Duloxetine Sandoz is a medicine that contains the active substance duloxetine. It was to be available as gastroresistant capsules (capsules whose contents are not broken down in the stomach and release the medicine in the intestine) containing 30 or 60 mg of duloxetine.

Duloxetine Sandoz was developed as a 'generic medicine'. This means that Duloxetine Sandoz is similar to a 'reference medicine' already authorised in the European Union (EU) called Cymbalta

Duloxetine Sandoz was to be used to treat major depression, pain due to diabetic peripheral neuropathy (damage to the nerves in the extremities that can occur in patients with diabetes) and generalised anxiety disorder (long-term anxiety or nervousness about everyday matters).

The active substance in Duloxetine Sandoz, duloxetine, is a serotonin-noradrenaline re-uptake inhibitor. It works by preventing the neurotransmitters serotonin and noradrenaline from being taken back up into nerve cells in the brain and spinal cord.

Neurotransmitters are chemicals that allow nerve cells to communicate with one another. By blocking their re-uptake, duloxetine increases the amount of these neurotransmitters available for communication between the cells. Since these neurotransmitters are involved in maintaining high mood and reducing the sensation of pain, blocking their re-uptake into nerve cells can improve the symptoms of depression, anxiety and neuropathic pain.

Because Duloxetine Sandoz is a generic medicine, the company had presented results of tests to determine that Duloxetine Sandoz is bioequivalent to the reference medicine, Cymbalta. Two medicines are bioequivalent when they produce the same levels of the active substance in the body.
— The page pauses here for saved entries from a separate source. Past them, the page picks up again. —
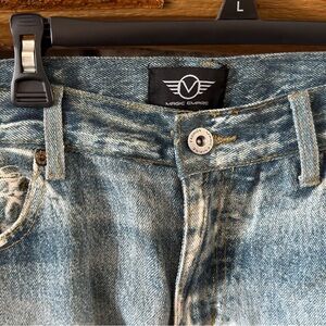 Design: Straight-leg silhouette with unique patchwork overlays, frayed edges, and decorative rivet details.
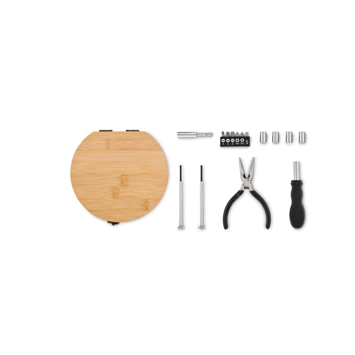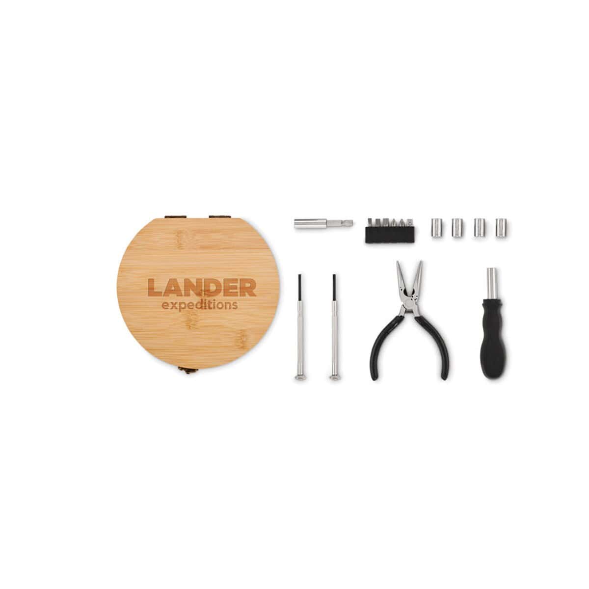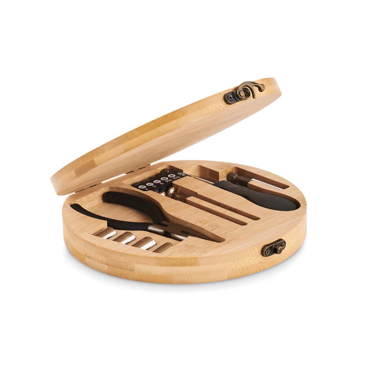Drewno bambusowe nadaje całości unikalny wzór, a każda sztuka może nieznacznie różnić się kolorem, dzięki czemu Twój 15-elementowy zestaw narzędzi BARTLETT będzie jedyny w swoim rodzaju. Naturalny materiał sprawia, że produkt jest przyjazny środowisku, co czyni go doskonałym wyborem dla marek promujących zrównoważony rozwój.
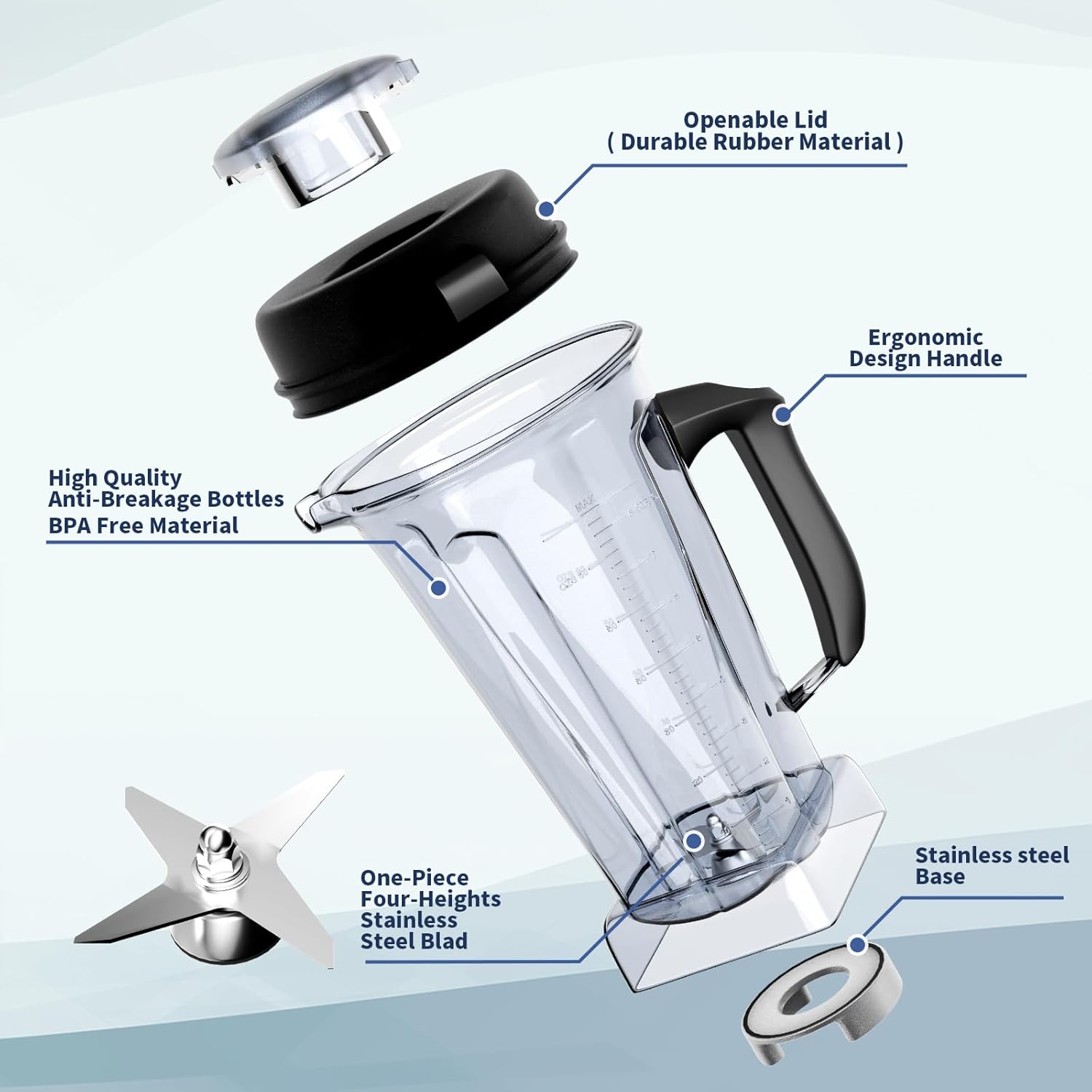 Upgraded Alternative for Vitamix Pitcher: The 64oz alternative container for Vitamix blender options 4 layers of chrome steel blades that assist speeds as much as 38,000 rpm for a fuller grind. The break up design lid lets you add meals everytime you need. The clear blender cup comes with a graduated scale, eliminating the necessity for an additional measuring cup. The comfortable ergonomic deal with is simple to grip, and the built-in design of the bottle shouldn’t be simple to leak and has a powerful seal, making it an ideal companion in your kitchen
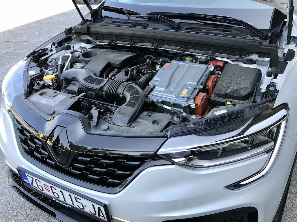 Mehanička shema E-Tech pogona sastoji se od atmosferskog benzinca koji radi u Atkinsonovom ciklusu i dva elektromotora. Sistemska snaga pogonskog sklopa je 143 KS. Veći elektromotor radi u simbiozi s benzincem, na način da se izmjenjuju ili udružuju u osiguravanju prednje vuče, ovisno o uvjetima. Manja električna jedinica (15 kW) je starter i generator. Omogućuje povrat energije tijekom kočenja i sinkronizira okretaje termičkog motora pri izmjeni stupnjeva prijenosa, što je neophodno zbog unikatne Multimode getribe koja radi bez gubitka vučne sile. Genijalan je to Renaultov izum: ima samo dva stupnja prijenosa na električnoj strani i četiri na termičkoj, za više od 16 mogućih kombinacija uključujući stupanj prijenosa za (uvijek električnu) vožnju unatrag.
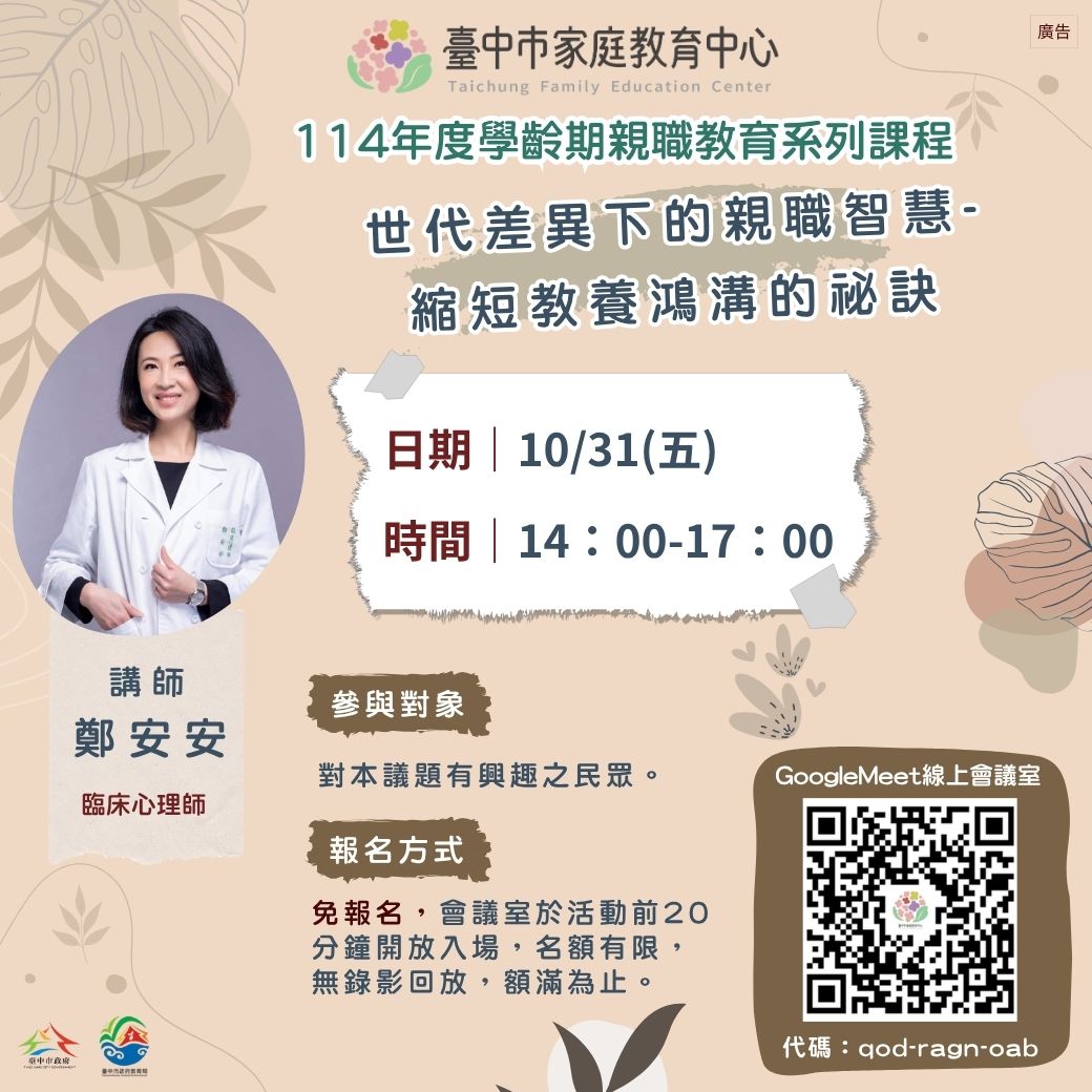 (線上會議室將於講座前20分鐘開放進入,免報名即可參加)
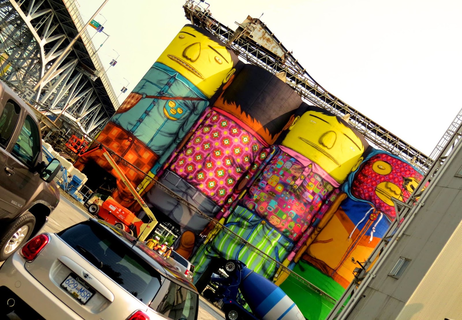 I was chuffed to be in Vancouver for the official unveiling of Brazilian street art duo Os Gemeos’ first Canadian and largest ever work. The enormous project for the 2014 Vancouver Biennale transformed six boring cement silos on Granville Island into a colorful 3D mural.

The application was withdrawn after the CHMP had evaluated the initial documentation provided by the company and formulated a list of questions. The company had not yet responded to the questions at the time of the withdrawal.

Based on the review of the data, at the time of the withdrawal, the CHMP had some concerns about whether the two studies conducted to show bioequivalence between the medicine and the reference product had been carried out in accordance with guidelines for Good Clinical Practice (GCP) and was of the provisional opinion that Duloxetine Sandoz could not have been approved for the treatment of depression, diabetic nerve pain and generalised anxiety disorder.

In its letter notifying the Agency of the withdrawal of application, the company stated that it was withdrawing its application because of the identification of GCP issues.